Either way, it would appear that we and the GVN will be faced with the problem of guerrilla rather than positional warfare. The fact that this may mean that the VC cannot achieve a military victory offers small comfort; neither we nor the GVN have as yet demonstrated that we can win this kind of war. The idea of leaving “pacification” duties to the ARVN (while we defend our bases and come to the relief of besieged ARVN units) will not, in itself, do the trick. In effect, the VC will be doing what it is best at. What is needed, if we are successfully to cope with the VC under the circumstances of widespread guerrilla warfare, is a political-economic-psychwar program as carefully developed and as massive in its way as the military effort envisaged in the McNamara proposal. In fact, it may well be that many of the US forces would be redundant under these circumstances and our hopes for “a favorable outcome” will be dependent on the success of our non-military efforts.

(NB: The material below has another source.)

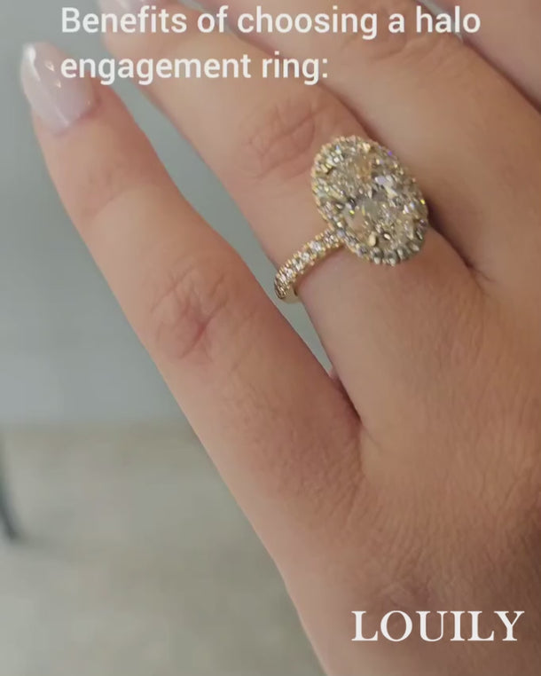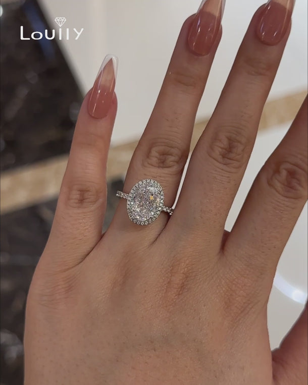 Louily Exquisite Halo Oval Cut Engagement Ring For Women In Sterling Silver

In brief, I would recommend that if the McNamara proposals are accepted, there be developed simultaneously a major non-military program to deal with the guerrilla phase of the war. In fact, I do not see how the McNamara approach can succeed without such accompanying non-military planning.

C
  1. Source: Johnson Library, National Security File, Country File, Vietnam, Vol. XXXVII. No classification marking.
  2. Document 67.
  3. See Documents 71 and 72.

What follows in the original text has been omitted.